For our project we have decided to analyse the dataset titled "Predict Student's Dropout and Academic Success". The dataset is created from a higher education institution (acquired from several disjoint databases) related to students enrolled in different undergraduate degrees, such as agronomy, design, education, nursing, journalism, management, social service, and technologies. 

Furthermore, the dataset includes information known at the time of the student's enrollment (academic path, demographics, and social-economic factors) and the students' academic performance at the end of the first and second semesters. 

The research question we would like to answer is a classification one where we are able to predict whether a student continues to study or drops out of a higher education instituition based on a number of predictor variables. For this model we have chosen 4 predictor variables, namely: mother's and father's qualification level, previous qualification (grade) and application order. The predictor variable Target is a categorical variable that contains 3 categories: dropout, enrolled and graduate. The categories relevant to our analysis are dropout and graduate.
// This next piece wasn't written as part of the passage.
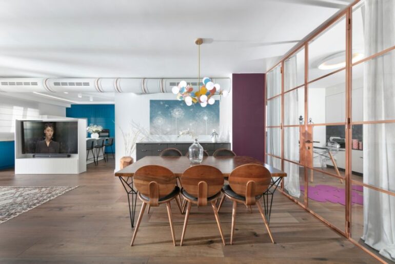 לאחר כ-25 שנות מגורים בבית פרטי עם גינה גדולה בסביבה פסטורלית, החליטה המשפחה, זוג עם שני בנים בוגרים, לשנות אווירה ולעבור לגור במגדל מגורים אורבני. עבור האישה, מתכננת ומעצבת פנים, והגבר, מהנדס, השינוי היה כפול – מבית לדירה, מיישוב קהילתי לעיר. "את הדירה הזו רכשנו באופן הכי ספונטני", מספרת מעצבת הפנים הדס פילובסקי-רון שאמונה על התכנון והעיצוב של הדירה. "נותרו לנו כ-3 חודשים עד לפינוי ביתנו וטרם מצאנו מקום מגורים חלופי. ברגע שנכנסנו לדירה, החלטנו לרכוש אותה בלי לחשוב פעמיים".

For the columns' student's mother's and father's qualification, it is numbered from 1-44 that describe the level of education they have attained. For example, the number 2 represents that the parent has attained their bachelor's degree. __(have we decided to go for a threshold?)__ The column titled previous qualification (grade) is a continous column with numbers [0, 200] that represents the student's grade at their previous qualification (whether it be highschool or during their bachelor's degree). Finally, the column titled application order contains numbers from [0, 9] where 0 is the student's first choice of instituition and 9 representing their last.


__Tidying Data__

In [14]:
library(tidyverse)
library(repr)
library(tidymodels)
options(repr.matrix.max.rows = 6)
source("tests.R")
source('cleanup.R')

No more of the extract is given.